**Dataset entries**
********************
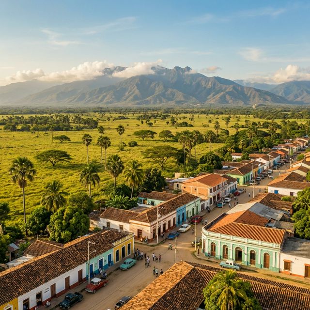 A tropical agricultural town surrounded by savanna and palm trees at the foot of the Sierra Nevada de Santa Marta.
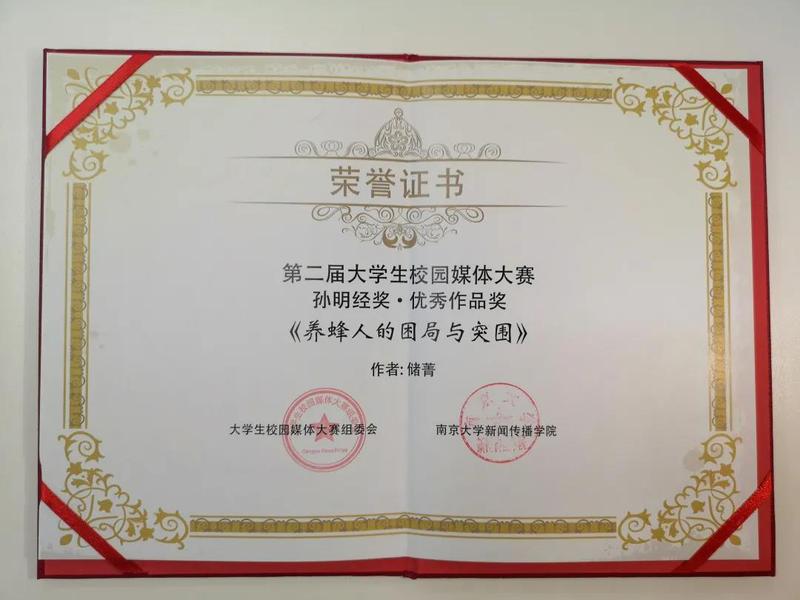 16级西班牙语系本科生储菁报道《养蜂人的困局与突围》荣获深度报道类奖项。
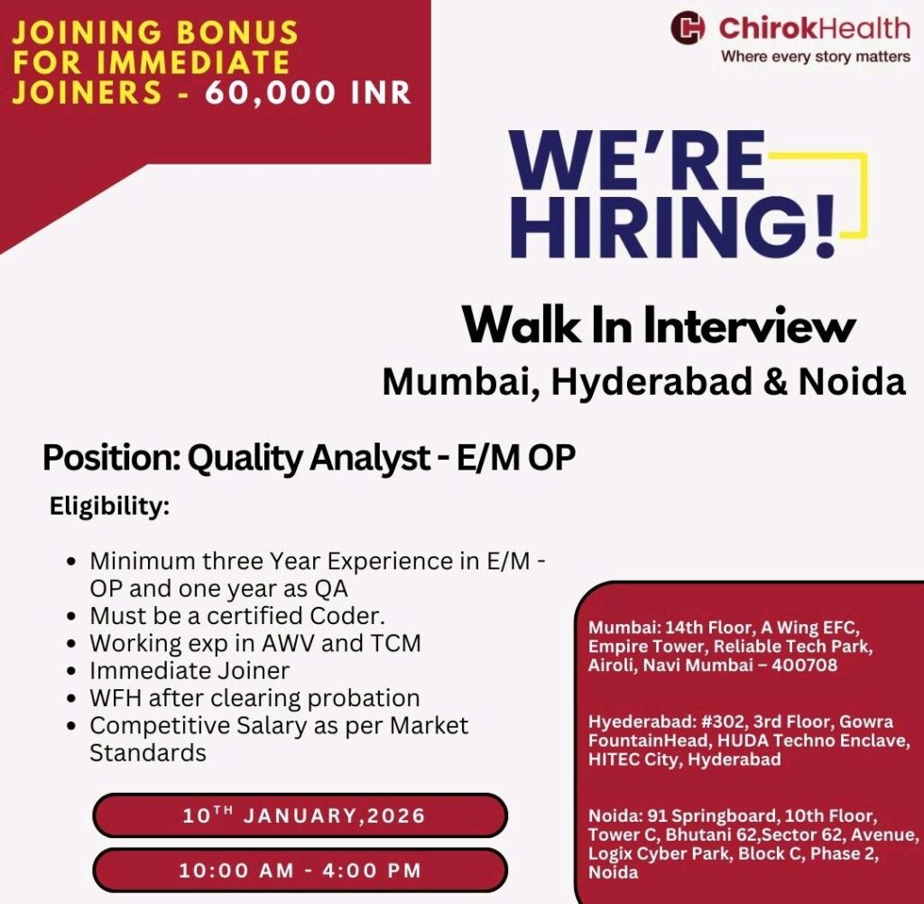 Walk In Interview for Quality Analyst (E/M OP) – Mumbai, Hyderabad, Noida | ₹60k Joining Bonus
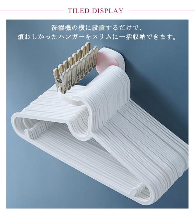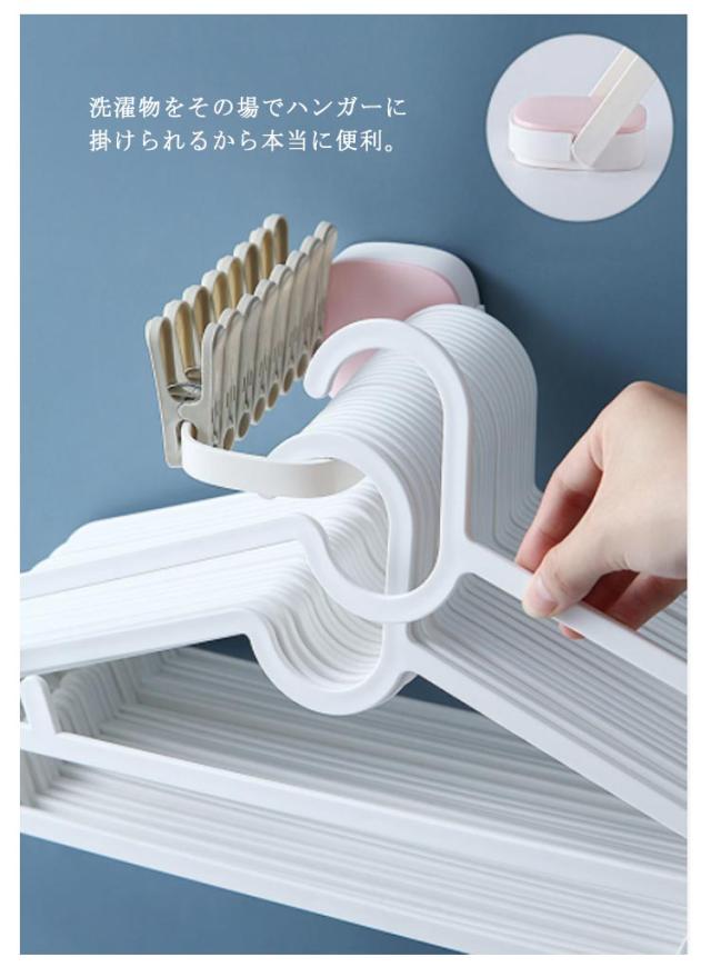 | かさばる洗濯ハンガーをすっきり収納できるフック。 洗濯機の横に設置するだけで、煩わしかったハンガーをスリムに一括収納できます。 洗濯物をその場でハンガーに掛けられるから本当に便利。 洗濯ハサミもキレイにまとめて収納できます。 使わない時はコンパクトに◎ はがせる粘着テープ式なので、 壁などいろいろなところに設置できます。 | |
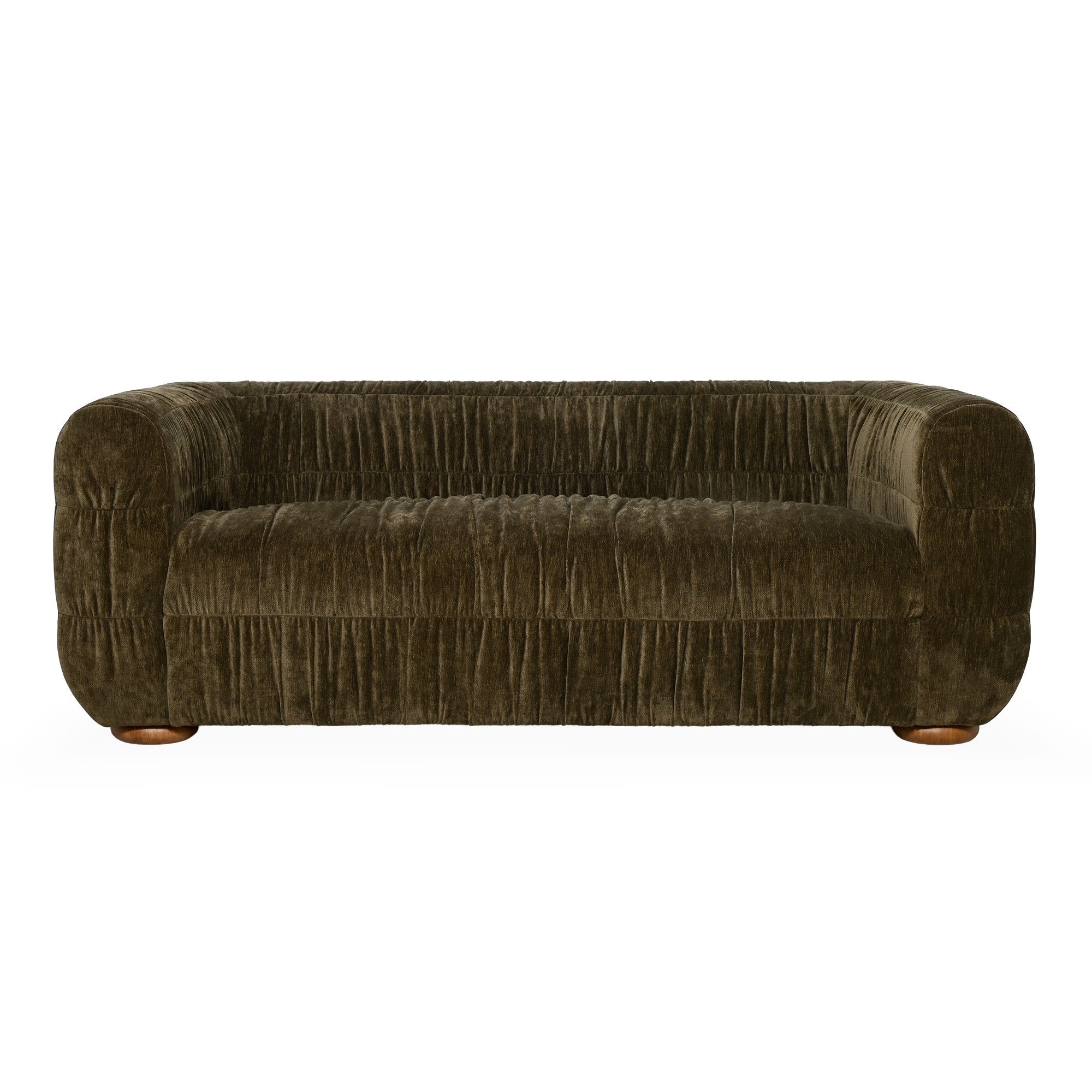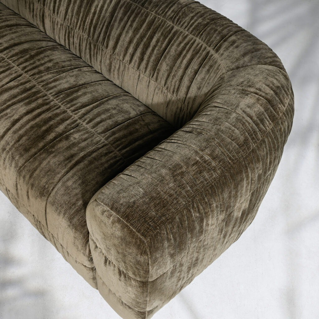 The Revvy Sofa is a sculptural, statement-making three-seater designed to offer luxurious comfort wrapped in contemporary flair. Defined by its gathered ruffle detailing and horizontal stitch lines running rhythmically across the form, the Revvy delivers texture, tone, and trend in equal measure.
********************
**Required work**
Beginning at the line above that contains "16级西班牙语系本科生储菁报道《养蜂人的困局与突围》荣获深度报道类奖项。", repeat each line exactly through the one that contains "壁などいろいろなところに設置できます。 | |", and leave out the pictures.

**Exercise solution**
 16级西班牙语系本科生储菁报道《养蜂人的困局与突围》荣获深度报道类奖项。
 Walk In Interview for Quality Analyst (E/M OP) – Mumbai, Hyderabad, Noida | ₹60k Joining Bonus
 | かさばる洗濯ハンガーをすっきり収納できるフック。 洗濯機の横に設置するだけで、煩わしかったハンガーをスリムに一括収納できます。 洗濯物をその場でハンガーに掛けられるから本当に便利。 洗濯ハサミもキレイにまとめて収納できます。 使わない時はコンパクトに◎ はがせる粘着テープ式なので、 壁などいろいろなところに設置できます。 | |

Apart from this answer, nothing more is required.